*PROMPT*.
Would you return exactly the lines below from the line with "- Rossini, G.;" through the line with "Kolczyki srebrne z", both included, and nothing else, leaving out the pictures?

*AVAILABLE DATA*.

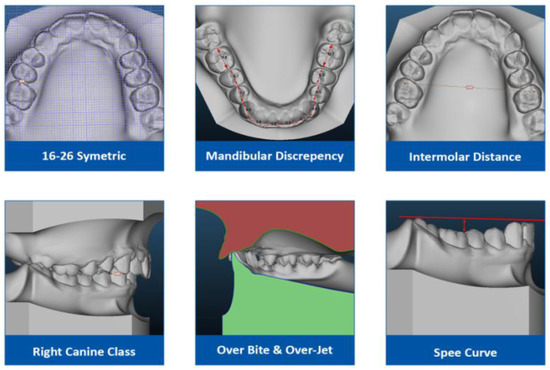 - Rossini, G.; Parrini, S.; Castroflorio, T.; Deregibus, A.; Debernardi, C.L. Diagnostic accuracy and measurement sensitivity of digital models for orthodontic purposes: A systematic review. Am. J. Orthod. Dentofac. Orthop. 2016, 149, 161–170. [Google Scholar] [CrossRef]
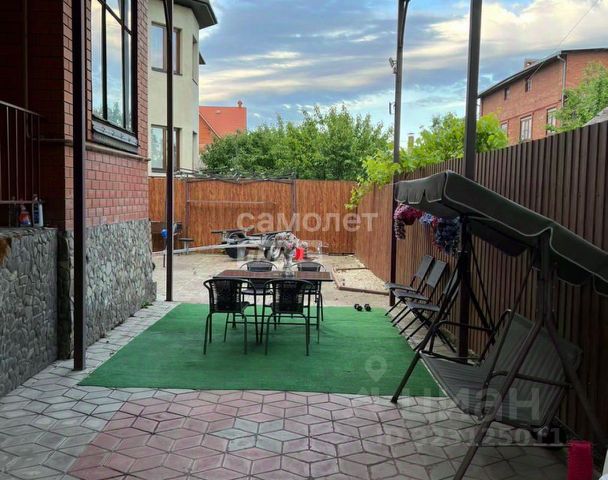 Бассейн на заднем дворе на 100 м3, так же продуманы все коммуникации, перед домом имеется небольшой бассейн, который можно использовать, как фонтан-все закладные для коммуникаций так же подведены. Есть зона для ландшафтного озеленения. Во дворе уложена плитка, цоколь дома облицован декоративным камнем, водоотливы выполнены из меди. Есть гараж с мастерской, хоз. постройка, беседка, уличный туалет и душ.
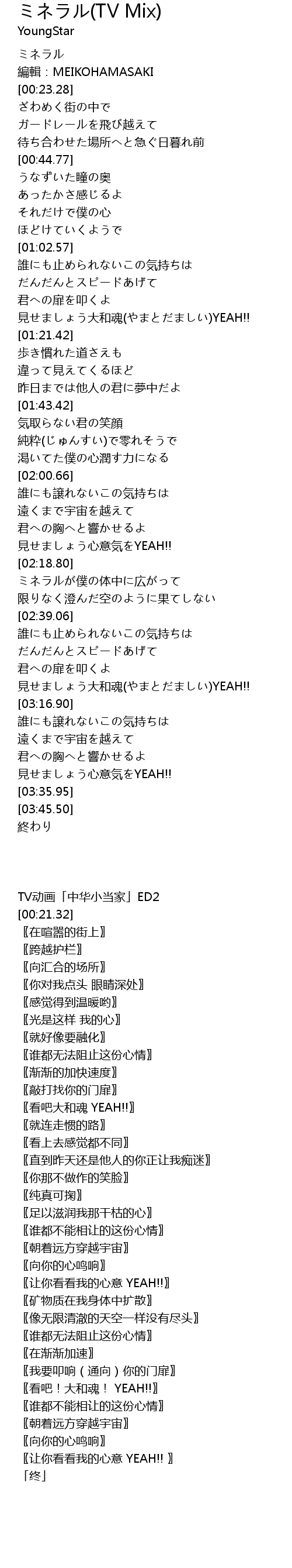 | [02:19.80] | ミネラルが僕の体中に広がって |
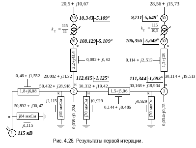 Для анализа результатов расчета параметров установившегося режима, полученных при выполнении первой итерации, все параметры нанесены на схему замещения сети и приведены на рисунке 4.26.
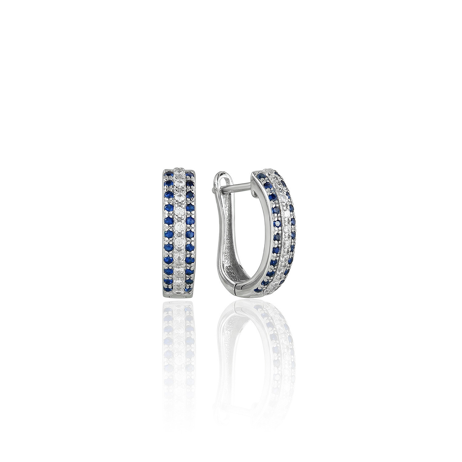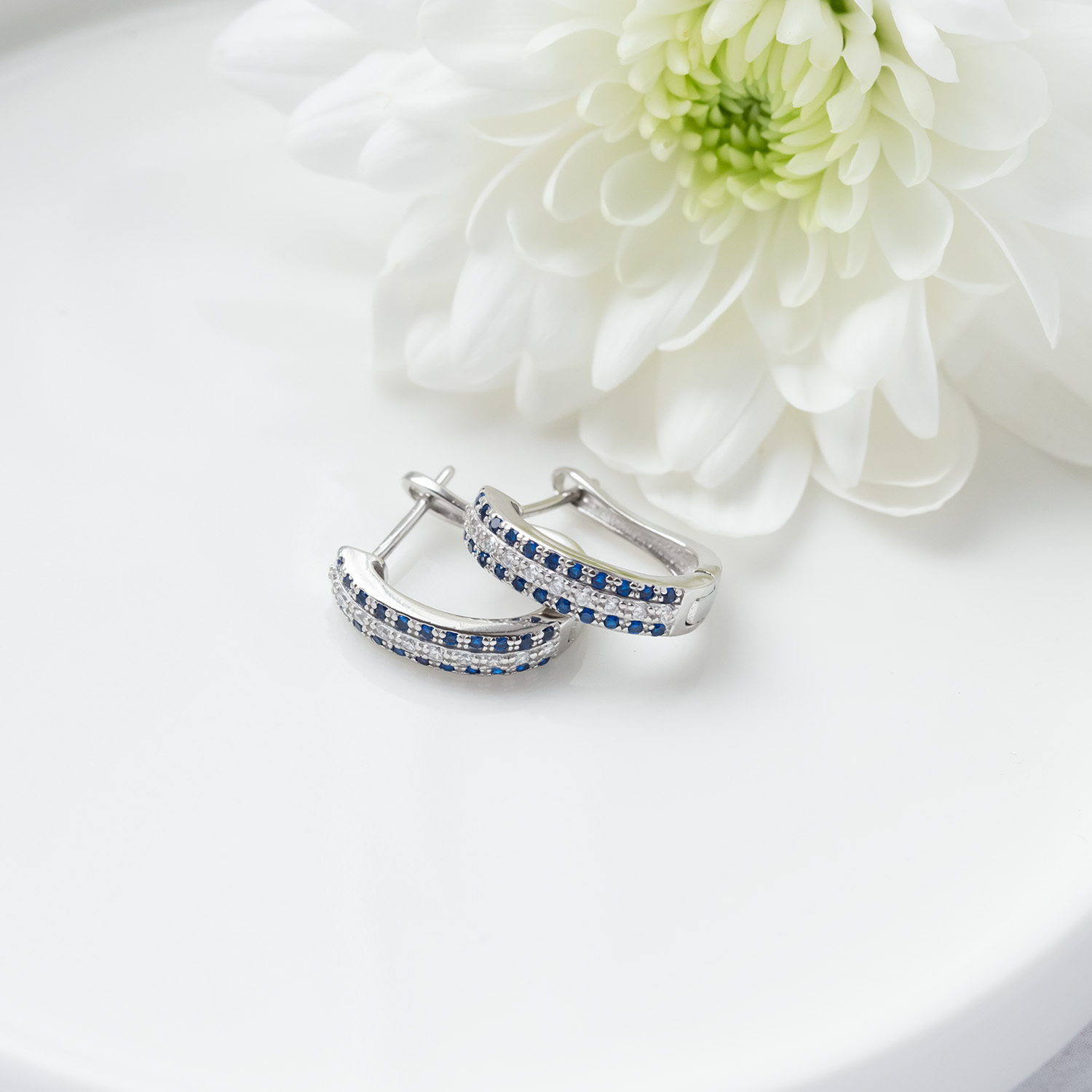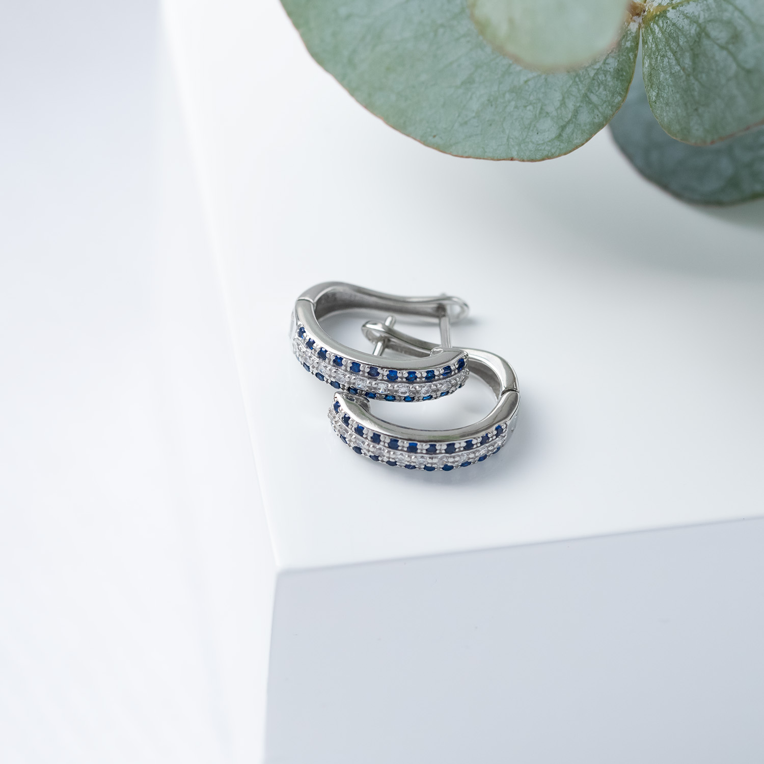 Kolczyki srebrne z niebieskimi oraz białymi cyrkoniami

==

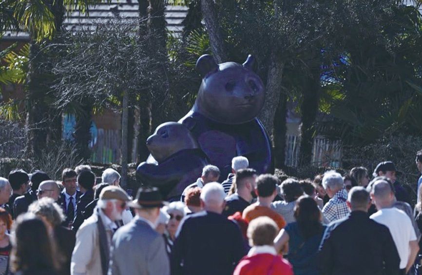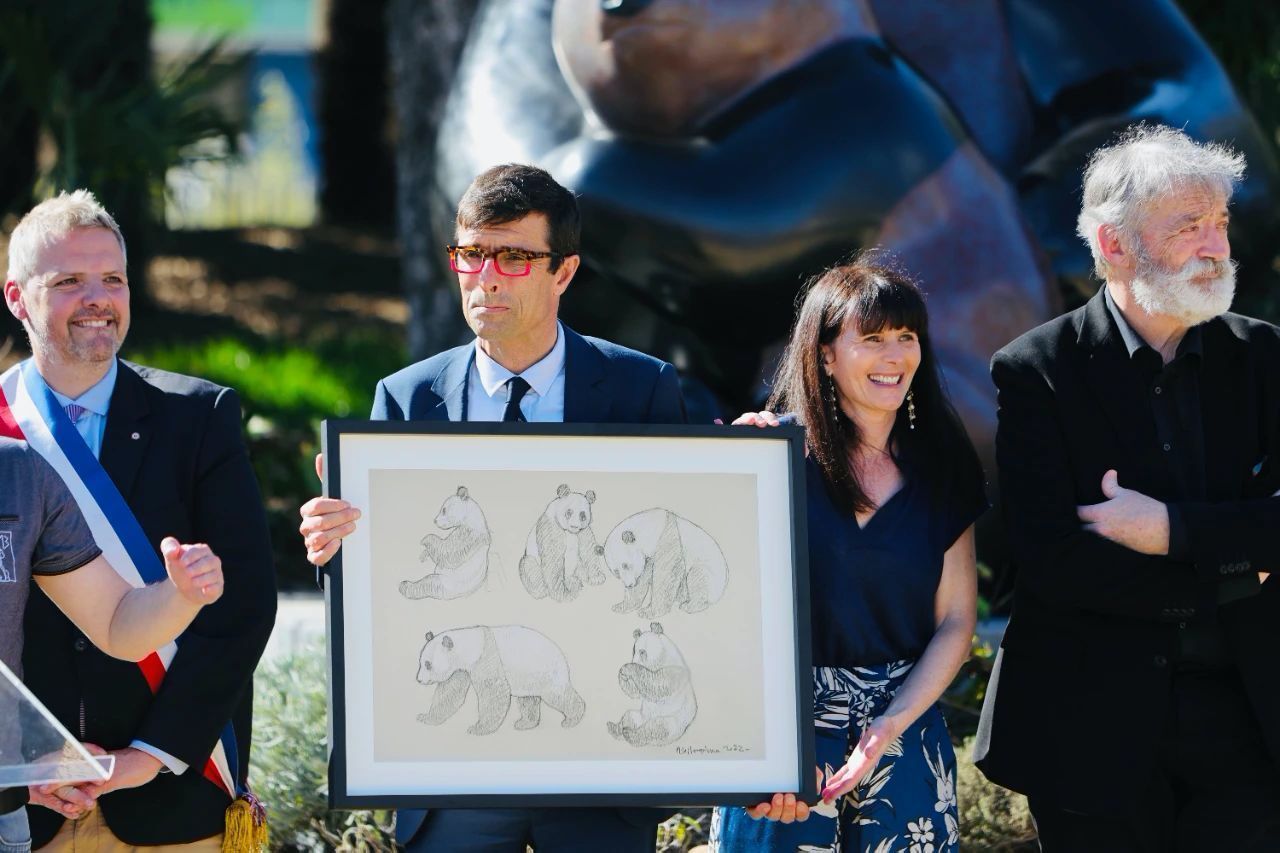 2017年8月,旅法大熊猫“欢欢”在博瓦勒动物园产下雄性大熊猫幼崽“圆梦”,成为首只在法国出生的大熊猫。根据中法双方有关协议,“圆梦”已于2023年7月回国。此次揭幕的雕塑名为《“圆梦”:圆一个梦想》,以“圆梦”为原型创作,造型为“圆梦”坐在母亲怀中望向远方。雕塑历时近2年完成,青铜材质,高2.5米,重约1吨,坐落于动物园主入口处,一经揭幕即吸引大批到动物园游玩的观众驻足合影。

*COMPLETED TASK*.
 - Rossini, G.; Parrini, S.; Castroflorio, T.; Deregibus, A.; Debernardi, C.L. Diagnostic accuracy and measurement sensitivity of digital models for orthodontic purposes: A systematic review. Am. J. Orthod. Dentofac. Orthop. 2016, 149, 161–170. [Google Scholar] [CrossRef]
 Бассейн на заднем дворе на 100 м3, так же продуманы все коммуникации, перед домом имеется небольшой бассейн, который можно использовать, как фонтан-все закладные для коммуникаций так же подведены. Есть зона для ландшафтного озеленения. Во дворе уложена плитка, цоколь дома облицован декоративным камнем, водоотливы выполнены из меди. Есть гараж с мастерской, хоз. постройка, беседка, уличный туалет и душ.
 | [02:19.80] | ミネラルが僕の体中に広がって |
 Для анализа результатов расчета параметров установившегося режима, полученных при выполнении первой итерации, все параметры нанесены на схему замещения сети и приведены на рисунке 4.26.
 Kolczyki srebrne z niebieskimi oraz białymi cyrkoniami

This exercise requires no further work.